溶菌ファージバイオセンサーと抗体ビーズメチシリン耐性(MRSA)と敏感ブドウ球菌の細菌を区別することができます。ファージを水晶振動子マイクロバランスセンサーの表面上にラングミュア·ブロジェット法で固定し、広範囲のブドウ球菌プローブとして働いていた。抗体ビーズはMRSAを認識しています。

要約

黄色ブドウ球菌広い宿主範囲およびペニシリン結合タンパク質(PBP 2a)の抗体共役ラテックスビーズは、メチシリン耐性(MRSA)および感受性(MSSA)Sの識別用に設計されたバイオセンサーを作成するために利用されているを有する構造的に形質転換された溶菌バクテリオファージ。ブドウ種 1,2。溶菌ファージは、水 - クロロホルムインタフェースとの接触によりファージスフェロイドに変換されている。ファージスフェロイド単層をラングミュア·ブロジェット(LB)法3でバイオセンサー表面上に移動されました。作成されたバイオセンサーは、細菌ファージの相互作用を評価するための放熱追跡と水晶振動子マイクロバランス(QCM-D)によって検討されている。細菌スフェロイド相互作用が減少し、共振周波数とMRSAとMSSA株の両方の消費エネルギーの上昇につながった。細菌結合した後、これらのセンサは、さらにペニシリン結合タンパク質抗体ラテックスビーズにさらされているS。 MRSAで分析センサーは2A抗体ビーズをPBPに応え、MSSAで検査センサーが応答を与えませんが。この実験的な区別は、メチシリン耐性と敏感S.間に明確な区別を決定黄色ブドウ球菌株 。同じようにバインドされ、バインドされていないバクテリオファージは、表面上、水懸濁液中の細菌の増殖を抑制する。溶菌ファージをスフェロイドに変更されると、彼らは強力な溶解活性を保持し、高い細菌の捕獲能力を示しています。ファージとファージスフェロイドは、抗生物質耐性微生物のテストおよび滅菌のために利用することができる。他のアプリケーションは、バクテリオファージ療法および抗菌面での使用を含むことができる。

概要

黄色ブドウ球菌のメチシリン耐性株は、本質的な感染症や院内アウトブレイク4-8の要因として示唆されている。このようなディスク拡散オキサシリン寒天スクリーンテスト、または微量液体希釈としてメチシリン耐性の認識の一般的な方法は、耐性の発現量を高めるために合わせた培養条件に依存している。変化は、成長培地に30または35でオキサシリン、インキュベーションの活用°Cではなく37℃以上、およびNaClのインクルージョンが含まれています。さらに、これらの種類の技法が正しい検出のため、24時間の代わりに16〜18時間の長い潜伏期間が必要である。メチシリン耐性を同定するための感度の適切な(> 96%)レベルの急速な技術は、バイテックGPS-SAカード、ラピッドATB黄色ブドウ球菌システム、及び3-11時間後に結果を生成する高速マイクロスキャンパネルシステムのような自動化された微量希釈法を含む9-11。クリスタルMRSA IDシステムは、Sの成長の認識に基づいて迅速な方法である2%NaClおよび酸素感受性蛍光センサー付リットルあたりオキサシリン4mgの存在下での黄色ブドウ球菌 。 91から100パーセントの間で感度の範囲は、インキュベーション12-14の4時間後に主張した。これらの表現型の方法は、異種の抵抗を発現普及している菌株の影響によりその精度が制限されている。したがって、メチシリン耐性の認識のための最高の広く受け入れられている方法はmecAの遺伝子15のPCRまたはDNAハイブリダイゼーションである。しかしこの手法は、精製されたDNAを必要とし、細胞の破片16を含む様々な混和剤(不純物)に非常に敏感です。
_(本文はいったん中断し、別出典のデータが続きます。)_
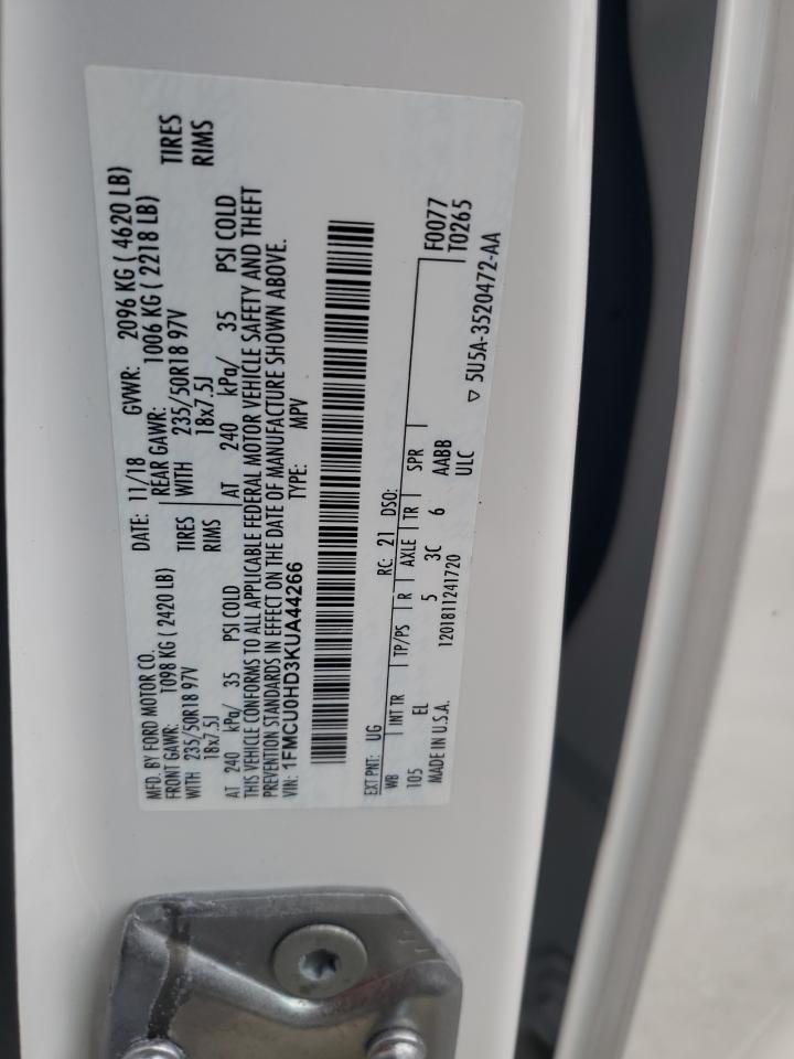 Колір БілийЦиліндри 4VIN 1FMCU0HD3KUA44266Стан ЗаводитьсяУшкодження Передня або задняДата аукціону 2025-11-03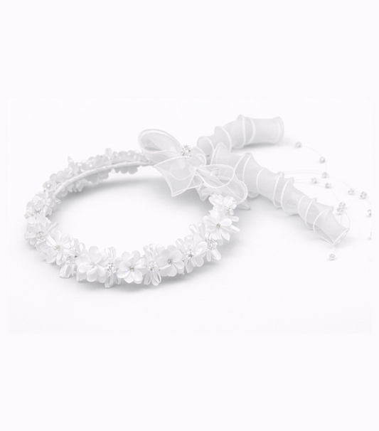 White Satin Floral Hair Wreath with Pearls, First Communion & Flower Girl

さらに、これらの技術は実行するのに長い時間を必要とする。 mecAの遺伝子産物、蛋白質PBP 2aとの認識戦略は抵抗を決定するために利用することができ、標準試験法17に比べて信頼性があってもよい。

これは、以前のバクテリオファージ12600がメチシリン耐性1,2,18を有するものを含む黄色ブドウ球菌株の認識プローブとして利用することができることが示された。本研究ではこのようなリアルタイムでMRSAのコンフォメーションと一緒に細菌の認識などのMRSAの特異的認識と検出における新規手法を提案した。この特定の目的のためのS.タンパク質に対するモノクローナル抗体と組み合わせたホストの広いスペクトル(MRSA株を含む)と黄色ブドウ球菌バクテリオファージは、(PBP 2a)が使用されている。 PBP 2aは、細胞壁タンパク質であり、それはMRSAの抗生物質抵抗性の原因である。しかしPBP 2aの抗体は、S.のために固有のものではありませんいくつかの他の細菌から黄色ブドウ球菌は、PBP 2A 19,20に配列類似性と抗生物質結合タンパク質を持っている。そこで本研究では、S. PBP 2aの蛋白質に対する黄色ブドウ球菌バクテリオファージおよび抗体が使用されている。納入仕様にバイオセンサーを開発することができるようにする的に二段階のアクションが利用されていると、デバイスを検出し、MRSAを識別します。最初のステップは、Sを使用センサプローブとして球菌バクテリオファージ単層、2番目のステップはPBP 2A特異的な抗体を用いている。したがって、人はS.を認識し、手順黄色ブドウ球菌の細菌は、他の一人としての抗生物質結合タンパク質に敏感になります。二つのステップから受信された信号が正である場合には、MRSAの特異的検出を示す。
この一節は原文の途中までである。